제출 형태도 정해져있으므로 Validation Set을 이용해서 제출해보기.
- Waymo에서 제공하는 Motion Prediction 튜토리얼에는 모델 학습까지만 있고 제출용 결과물을 생성하는 코드가 없음.
- 다른 challenge 튜토리얼 중 해당 부분이 존재하는 것을 확인.
  - [Waymo Open Dataset 3D Semantic Segmentation Tutorial](https://github.com/waymo-research/waymo-open-dataset/blob/master/tutorial/tutorial_3d_semseg.ipynb)
- proto만 변경해서 포맷에 맞게 세팅하면 될 것 같음. 해당 코드를 보고 Motion Prediction 제출용 결과물을 만들어보고자 함.
  - [motion_submission.proto](https://github.com/waymo-research/waymo-open-dataset/blob/master/src/waymo_open_dataset/protos/motion_submission.proto)

## GCS(Google Cloud Stoarge)에서 Google Drive로 데이터셋 다운받기

google drive를 먼저 colab에 연동한 뒤, 해당 디렉토리에 GCS로부터 데이터셋 다운받기

In [None]:
# GCS에 접근하기 위해 인증

from google.colab import auth
auth.authenticate_user()

In [None]:
# GCS 데이터 용량 확인. 전체를 다운받기에는 구글 클라우드로 감당이 안될듯.
!gsutil ls -l "gs://waymo_open_dataset_motion_v_1_2_0/uncompressed/" | xargs -I{} gsutil du -sh  {}

0 B          gs://waymo_open_dataset_motion_v_1_2_0/uncompressed/lidar
645.92 GiB   gs://waymo_open_dataset_motion_v_1_2_0/uncompressed/scenario
1.08 TiB     gs://waymo_open_dataset_motion_v_1_2_0/uncompressed/tf_example


In [None]:
# 라이다 데이터 validation set만 확인
!gsutil du -ch -s "gs://waymo_open_dataset_motion_v_1_2_0/uncompressed/lidar/validation"

200.35 GiB   gs://waymo_open_dataset_motion_v_1_2_0/uncompressed/lidar/validation
200.35 GiB   total


In [None]:
# 시나리오 데이터 validation set만 확인
!gsutil du -ch -s "gs://waymo_open_dataset_motion_v_1_2_0/uncompressed/scenario/validation"

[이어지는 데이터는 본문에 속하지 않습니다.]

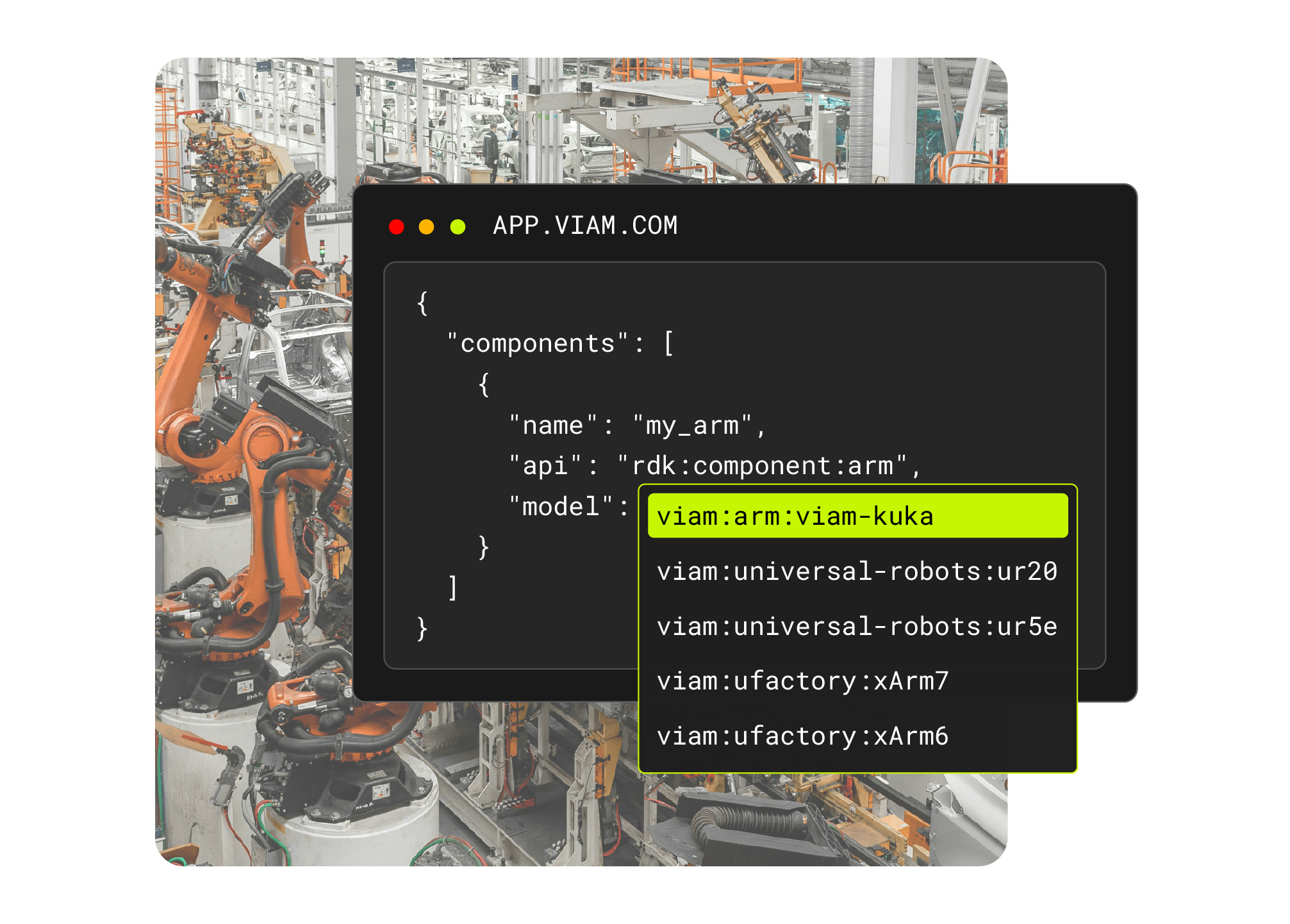 Your floor runs equipment from multiple vendors. Viam connects them through a single API — arms, cameras, sensors, edge compute — regardless of manufacturer. Add new hardware with a config change. Replace a component without rewriting your application. No vendor lock-in, no stranded investment.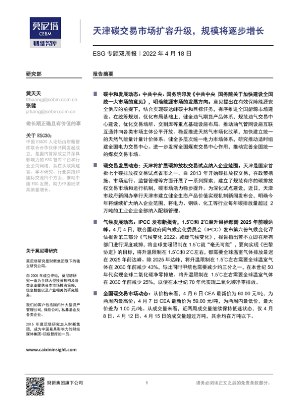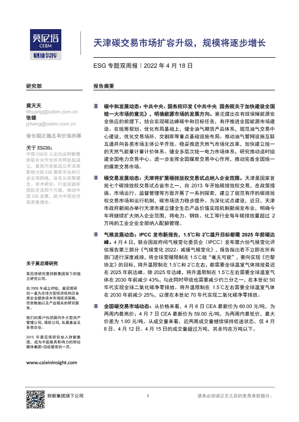 【莫尼塔研究】【20220418】天津碳交易市场扩容升级,规模将逐步增长-8页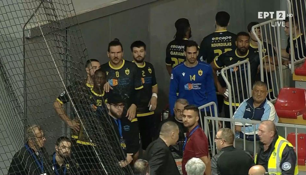 Ο Σταμάτης Παπασταμάτης, ο ηγέτης της ομάδας Χάντμπολ, ενημέρωσε την ομάδα στα αποδυτήρια ότι η απόφαση της διοίκησης είναι να μην κατέβει να αγωνιστεί, σεβόμενη την αδικία εις βάρος των φιλάθλων της που δεν τους επέτρεψαν να περάσουν τα σύνορα...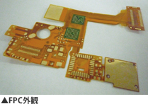 一方、導電性ペーストによる接続(以下、ペーストビア法、図(2))は、①回路を形成し、②絶縁フィルムに穴をあけ、③導電性ペーストを穴に充填するというプロセスからなります。導電性ペーストに当社独自の金属ナノ粒子を採用し、ビアホールに高精度かつ均一に印刷・充填・固着させる技術を開発することにより、高い接続信頼性と品質安定性を実現することが可能になりました(特許出願済み)。ペーストビア法では、めっき銅の余分な厚みがないため、FPCを従来比で最大約30%薄型化でき柔軟性が大きく向上するとともに、より高精細な回路形成が可能になります。製造工程も、パネルめっき法と比べてシンプルになり、また不良の原因となりやすい、めっき工程を経ないため、高品質で信頼性の高いFPCを提供できます。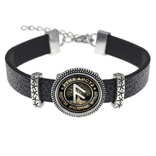 Кожаный браслет с металлической подвеской в виде руны Ансуз. Изображение руны диаметром 18 мм расположено под выпуклой стеклянной линзой.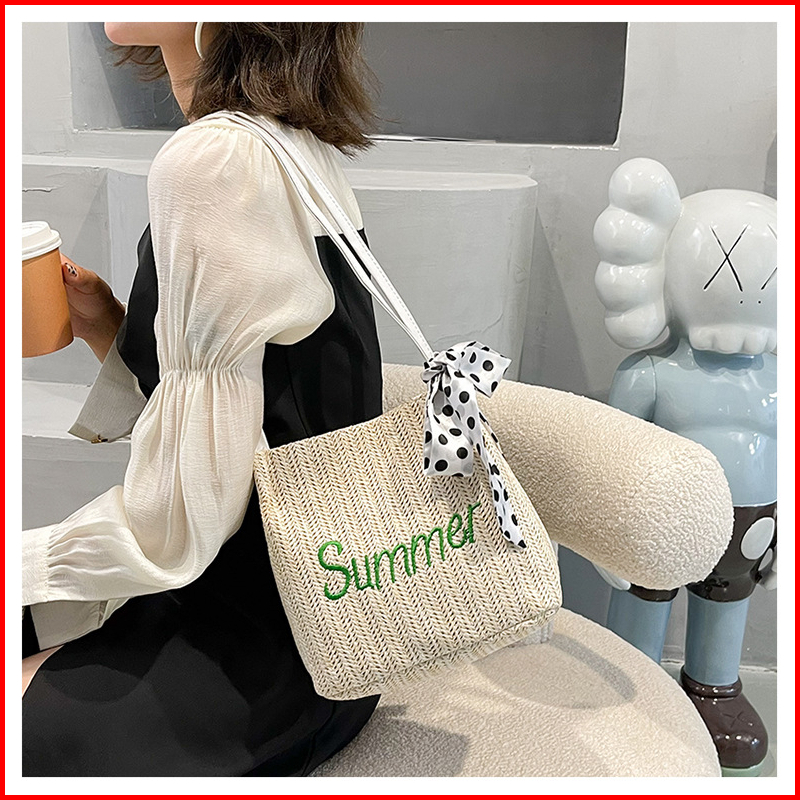 Bao034 Tas Anyaman Bunga Renda Segar Dan Sederhana Tas Pantai Tas Jinjing Bahu Gaya Barat Tas Besar Tas Bahu Tas Ibu Tas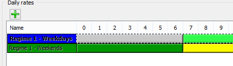Available daily rates will be shown in the bottom half window and can be created and deleted just by clicking the appropriate button. At any time, a daily rate name can be changed by double clicking on it and its colour with the ellipsis button.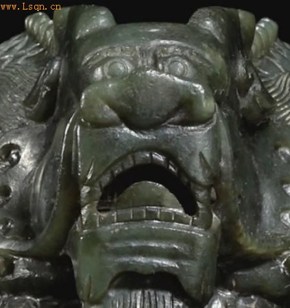 李教授同时指出此次拍卖的“八徵耄念之宝”印龙爪、头部纹饰雕工疲弱而少章法、刀法。龙的发纹不上冲,火焰纹并不上扬,龙爪粗野乏力、没有抓力,缺乏动感,似走兽类卧伏在地面一般,龙脊拱沿处造型用,用刀不干净表现无弧势,显出臃肿、毫无生气,因造型力度没把握好,鼻部中轴整块竟不居眼、口正中,电脑图片放大后看到门牙和边牙竟上下锯裂,此应为机雕出了差错留下的残缺,龙的形状与面部表情呈惊恐状,毫无龙威,粗糙得象砖雕,更无皇家气象(图五)。而拍卖玉玺竟煞有介事地配了个底坐“以旧充好”,以示此玉玺大有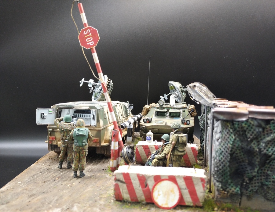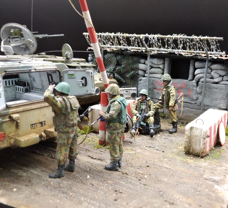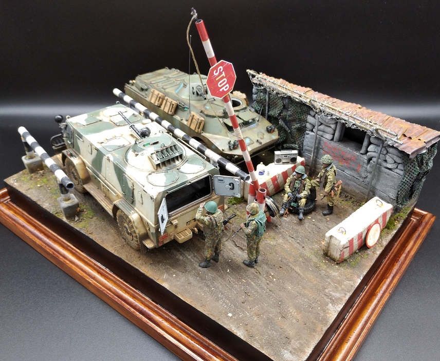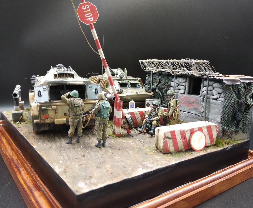 Давным давно хотел сделать что-нибудь из темы на вторую чеченскую, в коей довелось поучаствовать командировками в ЧР. Сначала была мысль сделать ПВД в Гудере по своим фото с "Бардаком" (БРДМ),потом зашла тема с "Водником" ( бронеавтомобиль) в Ханкале. И в один прекрасный момент решил обе темы объединить в одну с композицией блокпоста,коими были утыканы все дороги тогдашней Чечни. Собственно, так и возник этот "Райский уголок" где-то в районе Герзельского моста. Жизнь на блокпостах кипела полным ходом, дневной зной менялся ночным диким холодом, обстрелы,провокации,досуг: кто во что горазд...ну и конечно, работа,работа... Проезжавший мимо "чудоавтомобиль" или как говорят,"коробочка", вызвал неподдельный интерес у обитателей поста.

38.4 GiB     gs://waymo_open_dataset_motion_v_1_2_0/uncompressed/scenario/validation
38.4 GiB     total


데이터셋을 저장할 Google Drive를 마운트

In [None]:
from google.colab import drive
drive.mount('/content/drive')

Drive already mounted at /content/drive; to attempt to forcibly remount, call drive.mount("/content/drive", force_remount=True).


In [None]:
# 구글 드라이브 위치. 마운트 잘 됐는지 확인.
GDRIVE_WOD_PATH = "/content/drive/MyDrive/waymo-od-dataset/motion_v_1_2_0/uncompressed"

!ls -al {GDRIVE_WOD_PATH}

total 12
drwx------ 2 root root 4096 Apr 14 03:28 .ipynb_checkpoints
drwx------ 3 root root 4096 Apr 14 00:03 lidar
drwx------ 2 root root 4096 Mar 29 06:17 tf_example


GCS로부터 데이터셋을 다운로드. 라이다 데이터도 다운받으려고 했는데 몇시간 기다리다가 지쳐서 일단 보류. 당장 필요한 시나리오 데이터만 우선 받아본다

In [None]:
# 시나리오 데이터 다운로드

%%time
%%capture

!mkdir {GDRIVE_WOD_PATH}/scenario

!gsutil -m cp -r \
  "gs://waymo_open_dataset_motion_v_1_2_0/uncompressed/scenario/validation" \
  {GDRIVE_WOD_PATH}/scenario/

CPU times: user 6.6 s, sys: 1.27 s, total: 7.86 s
Wall time: 12min 1s


In [None]:
from google.colab import drive
drive.flush_and_unmount()

## 환경세팅

In [2]:
%%capture

!pip3 install --upgrade pip
!pip install waymo-open-dataset-tf-2-11-0==1.5.1 # 최신 버전으로 한 번 해볼까나?

In [3]:
from google.colab import drive
drive.mount('/content/drive')

# 마운트 확인
GDRIVE_WOD_PATH = "/content/drive/MyDrive/waymo-od-dataset/motion_v_1_2_0/uncompressed"
VALIDSET_PATH   = GDRIVE_WOD_PATH + "/scenario/validation"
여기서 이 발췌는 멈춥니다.